Le spezie in cucina: curcuma, cannella e chiodi di garofano

cannella curcuma chiodi di garofano magazine_spezie_071320160005

Conosciamo ed apprezziamo tutti quel tocco in più che sanno dare ai nostri piatti le spezie. Pepe, sesamo, paprika, cannella, zafferano, zenzero, e tutte le altre che ad elencarle non basterebbe una pagina, sono da sempre i nostri alleati preziosi in cucina e non solo. Il loro uso è fortemente consigliato nei regimi dietetici perché costituiscono una alternativa valida alle salse o ai condimenti calorici. Vengono da sempre utilizzate in erboristeria per la realizzazione di tisane, oli essenziali, creme, perché ricche di proprietà benefiche e curative. Alcune spezie, poi, come la cannella ed il pepe, vengono utilizzate per la conservazione di salumi e marmellate perché aiutano a rallentare il processo di deperimento degli alimenti.

La storia nascosta dietro queste sostanze aromatiche è antica ed affascinante e parte da molto lontano. Il primo documento riguardante le spezie risale a 5000 anni fa e riguarda gli Assiri. Questi dicevano che gli dei, la notte prima di creare il mondo, avevano bevuto vino aromatizzato al sesamo.
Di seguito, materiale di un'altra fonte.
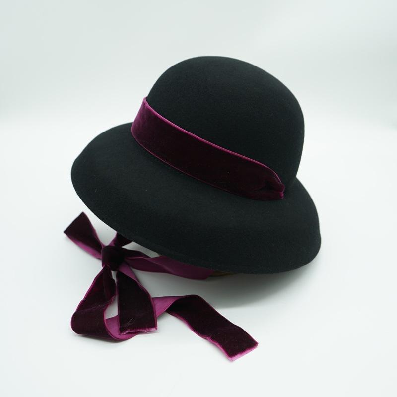 Vintage Hepburn Elegant Velvet Lace-Up Bell Shaped Black Woolen Basin Top Hat Female Autumn And Winter Fisherman British Foreign Trade 56-58cm
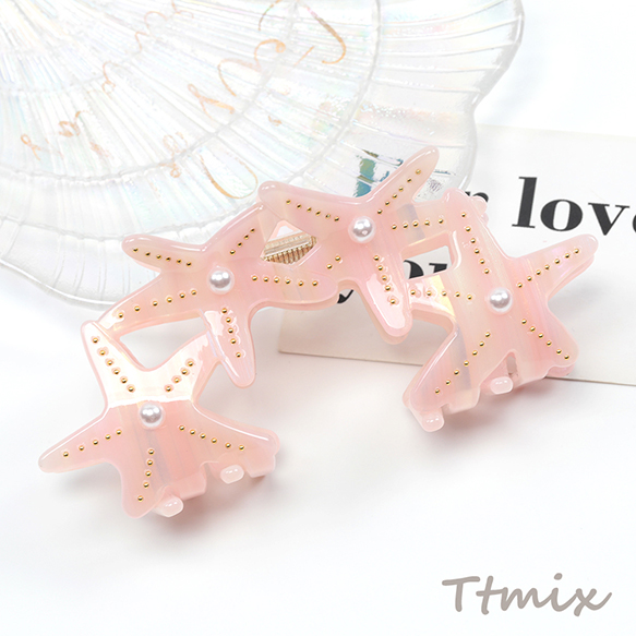 バンスクリップ アセテート ヒトデ マーメイド マリン 髪飾り 髪留め 約5×10.5cm(1ヶ)※メール便不可

Da allora il consumo ed il commercio delle spezie non ha mai conosciuto sosta.

Dalle prime carovane di cammelli ed asini dei Nabatei, popolo arabo nomade che per primo tracciò la via delle spezie che dall’Arabia si spingeva fino all’India ed alla Cina, alla fondazione delle Compagnie delle Indie, la storia del commercio delle spezie ha subito evoluzioni significative fino ad arrivare ai giorni nostri, dove, grazie alla caparbietà dei nostri predecessori, abbiamo la possibilità di poterne disporre a piacimento senza la minima difficoltà.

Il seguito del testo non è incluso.